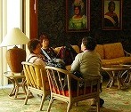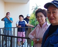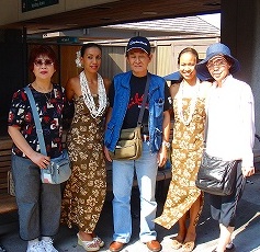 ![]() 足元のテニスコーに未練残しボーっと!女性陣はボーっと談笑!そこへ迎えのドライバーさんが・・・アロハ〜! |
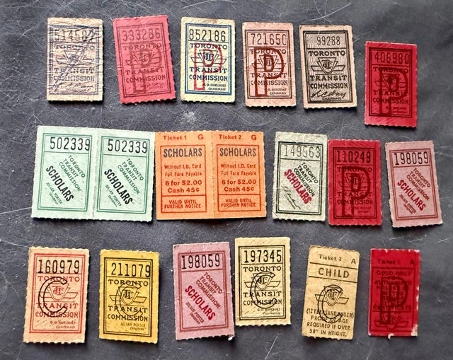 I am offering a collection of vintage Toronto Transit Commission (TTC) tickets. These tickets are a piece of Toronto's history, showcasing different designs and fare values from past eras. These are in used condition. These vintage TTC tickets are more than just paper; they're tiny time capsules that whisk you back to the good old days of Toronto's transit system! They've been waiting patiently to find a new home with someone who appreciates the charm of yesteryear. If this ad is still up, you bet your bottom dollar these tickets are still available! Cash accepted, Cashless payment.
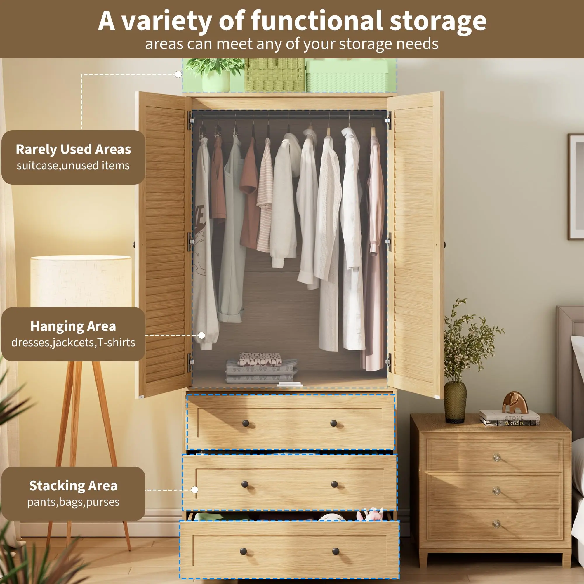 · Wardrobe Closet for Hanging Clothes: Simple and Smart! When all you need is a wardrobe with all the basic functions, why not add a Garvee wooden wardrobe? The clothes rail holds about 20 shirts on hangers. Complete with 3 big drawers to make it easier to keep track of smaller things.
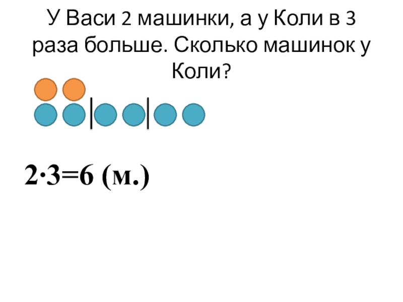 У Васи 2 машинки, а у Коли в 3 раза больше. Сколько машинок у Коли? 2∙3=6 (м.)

- - -

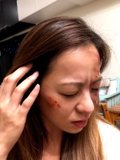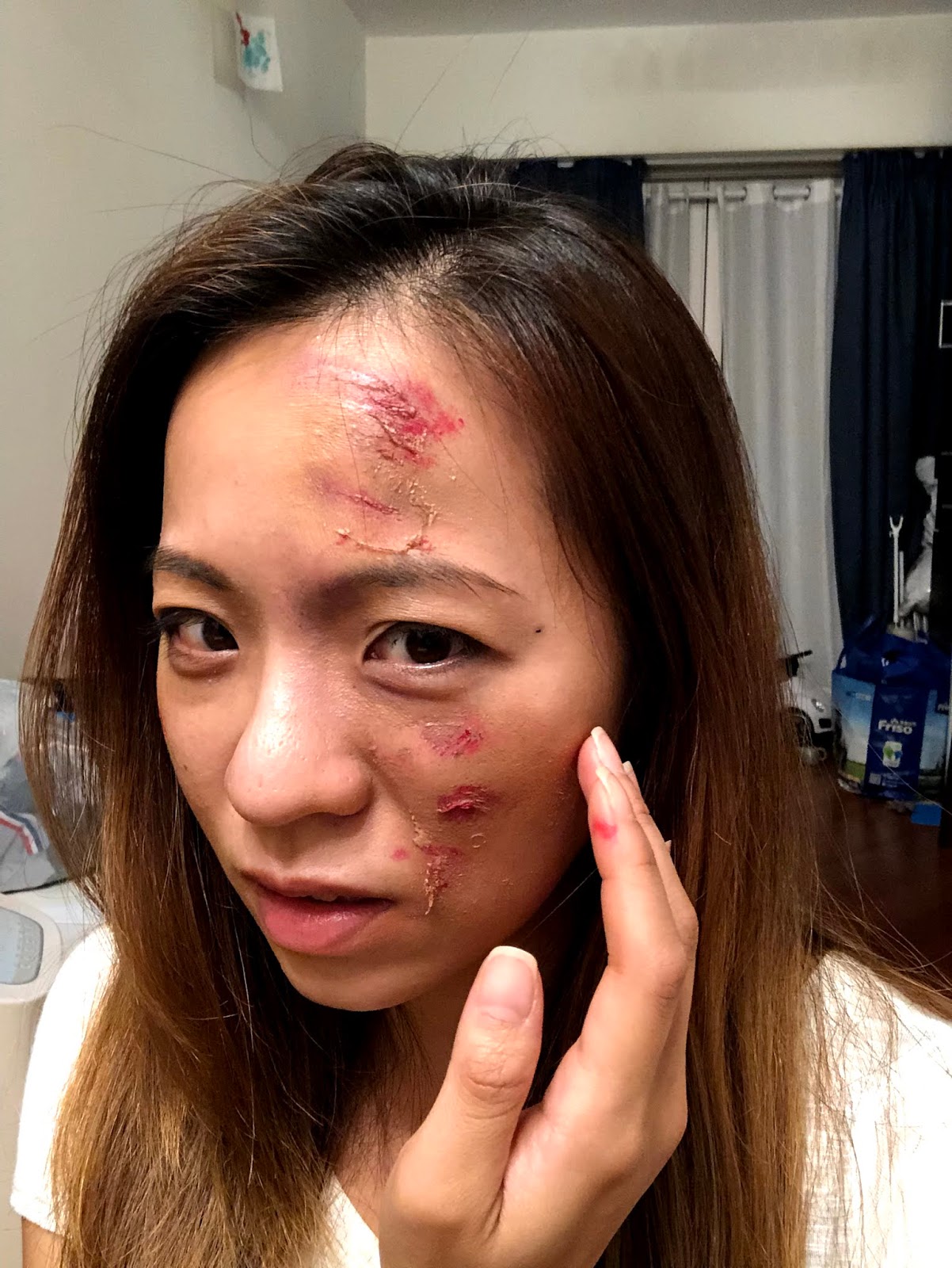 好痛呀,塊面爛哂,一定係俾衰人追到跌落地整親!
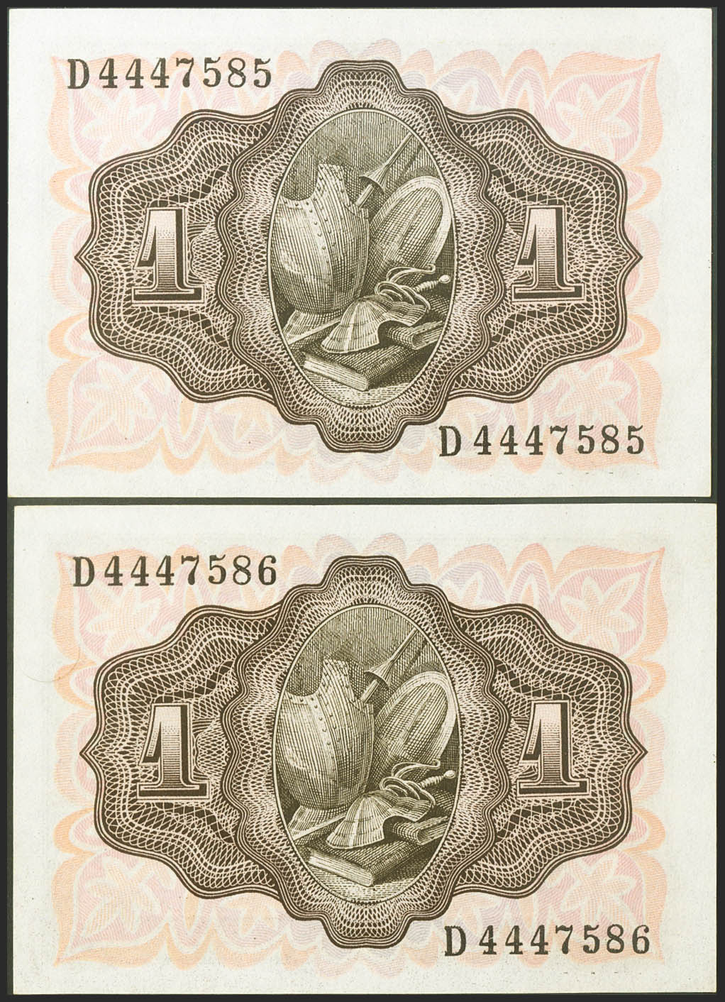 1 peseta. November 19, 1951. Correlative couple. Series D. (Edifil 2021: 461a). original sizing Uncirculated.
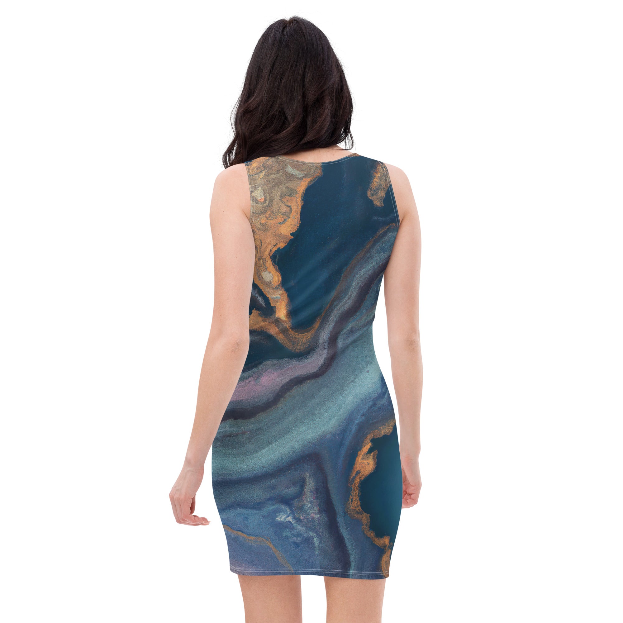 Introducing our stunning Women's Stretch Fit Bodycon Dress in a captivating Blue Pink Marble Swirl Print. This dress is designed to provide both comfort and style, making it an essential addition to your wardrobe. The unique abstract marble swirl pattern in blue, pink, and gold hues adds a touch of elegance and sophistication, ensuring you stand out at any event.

- - -

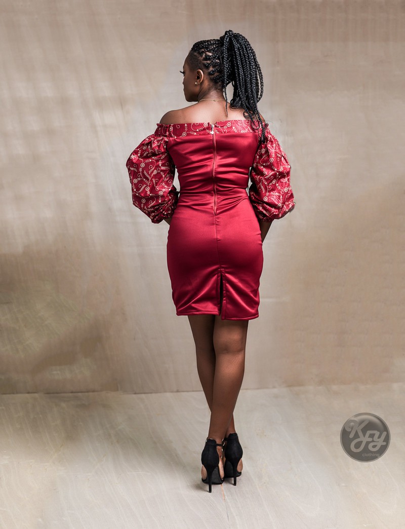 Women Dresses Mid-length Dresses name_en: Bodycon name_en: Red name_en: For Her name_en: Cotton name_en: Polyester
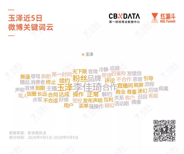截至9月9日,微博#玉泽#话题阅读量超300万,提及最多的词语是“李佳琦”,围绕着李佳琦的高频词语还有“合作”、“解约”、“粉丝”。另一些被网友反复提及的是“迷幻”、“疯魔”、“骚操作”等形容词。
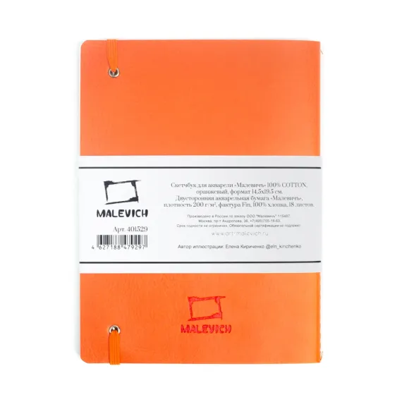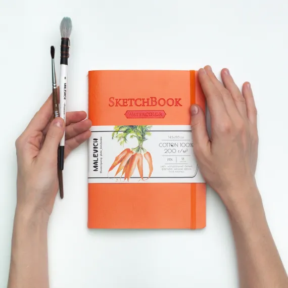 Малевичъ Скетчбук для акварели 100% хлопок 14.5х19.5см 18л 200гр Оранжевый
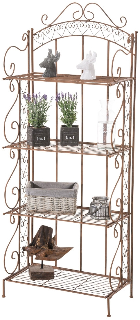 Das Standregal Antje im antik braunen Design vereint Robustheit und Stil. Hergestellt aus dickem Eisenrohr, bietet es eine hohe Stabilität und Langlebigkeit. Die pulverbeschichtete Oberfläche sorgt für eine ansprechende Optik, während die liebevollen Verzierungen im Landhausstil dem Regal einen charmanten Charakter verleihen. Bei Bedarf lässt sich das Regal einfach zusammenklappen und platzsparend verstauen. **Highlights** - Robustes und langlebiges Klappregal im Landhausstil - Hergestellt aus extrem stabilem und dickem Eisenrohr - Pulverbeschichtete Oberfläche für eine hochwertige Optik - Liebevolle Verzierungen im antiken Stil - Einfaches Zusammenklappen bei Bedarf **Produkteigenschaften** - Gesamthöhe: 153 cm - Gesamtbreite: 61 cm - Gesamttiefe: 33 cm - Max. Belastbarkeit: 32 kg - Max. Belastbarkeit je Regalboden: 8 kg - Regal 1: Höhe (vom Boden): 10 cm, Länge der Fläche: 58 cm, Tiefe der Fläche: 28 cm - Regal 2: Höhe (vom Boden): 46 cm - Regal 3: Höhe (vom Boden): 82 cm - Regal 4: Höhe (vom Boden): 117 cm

- - -

> **WHAT IS BEING ASKED**
Having found the line with "Women Dresses Mid-length" and the line with "Малевичъ Скетчбук для" in the material above, write out exactly those two and every line between, leaving the pictures out.

> **ANSWER SECTION**
 Women Dresses Mid-length Dresses name_en: Bodycon name_en: Red name_en: For Her name_en: Cotton name_en: Polyester
截至9月9日,微博#玉泽#话题阅读量超300万,提及最多的词语是“李佳琦”,围绕着李佳琦的高频词语还有“合作”、“解约”、“粉丝”。另一些被网友反复提及的是“迷幻”、“疯魔”、“骚操作”等形容词。
 Малевичъ Скетчбук для акварели 100% хлопок 14.5х19.5см 18л 200гр Оранжевый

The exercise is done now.